The money is part of the $5 billion Prime Minister Paul Martin promised to spend on child care during the last election campaign. The sum was also contained in February's budget, which has not yet been passed in Parliament.

The pending vote on the budget could bring down the Liberal minority government, precipitating new elections, but Conservative Leader Stephen Harper has said his party would honour Liberal commitments on child care if it was elected.

Martin, Federal Social Development Minister Ken Dryden and Ontario Children and Youth Services Minister Marie Bountrogianni were at a Hamilton day care on Friday to present the $1.9-billion agreement.

"Today is a day that shows why politics matter," Dryden said.

The deal follows similar agreements with Saskatchewan and Manitoba last week.

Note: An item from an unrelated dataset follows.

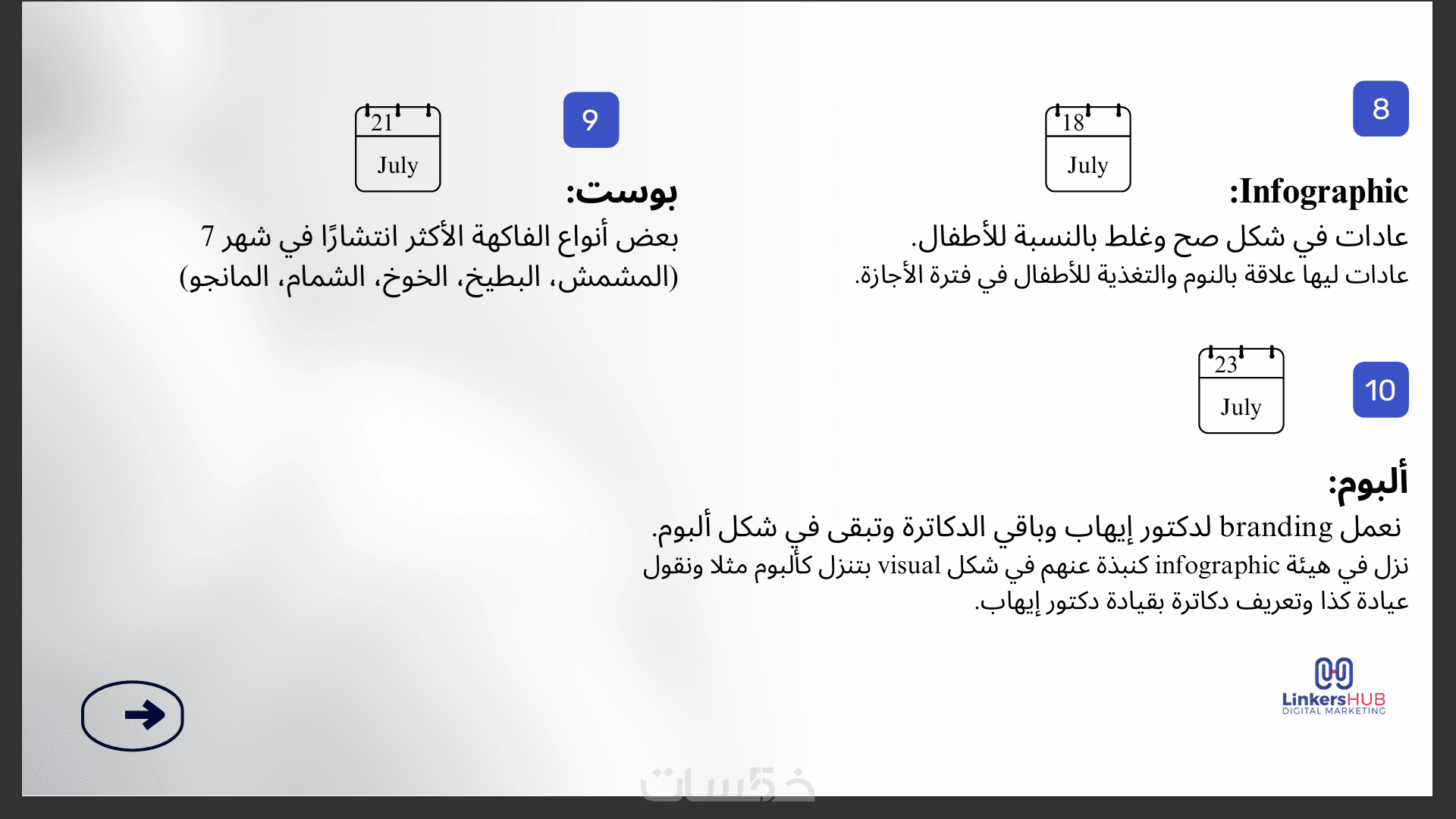 إضافة 8 قطع محتوى شهري لمنصة تواصل اجتماعي.

Among the remaining provinces, Quebec and Alberta have so far opted out of the new day-care scheme, saying they don't want the federal government to dictate to them how to spend the money. But Martin said that the agreement moved the country "significantly closer to fulfilling a shared vision for early learning and child care."

Under Friday's deal, the federal government would transfer an additional $272 million to Ontario in 2005, $253 million in 2006 and about $450 million annually for the following three years.

Bountrogianni said the money would make a huge difference in day-care spending for Ontario.

Bountrogianni said the federal funds would be spent on phase one of the province's Best Start Program.

That initiative would subsidize before- and after-school care for junior and senior kindergarten students. Ontario's Liberal government has said it would offer day care for all of the province's kindergarten-aged children by 2007.

The new federal money is in addition to federal funds already committed under the 2003 Multilateral Framework on Early Learning and Child Care.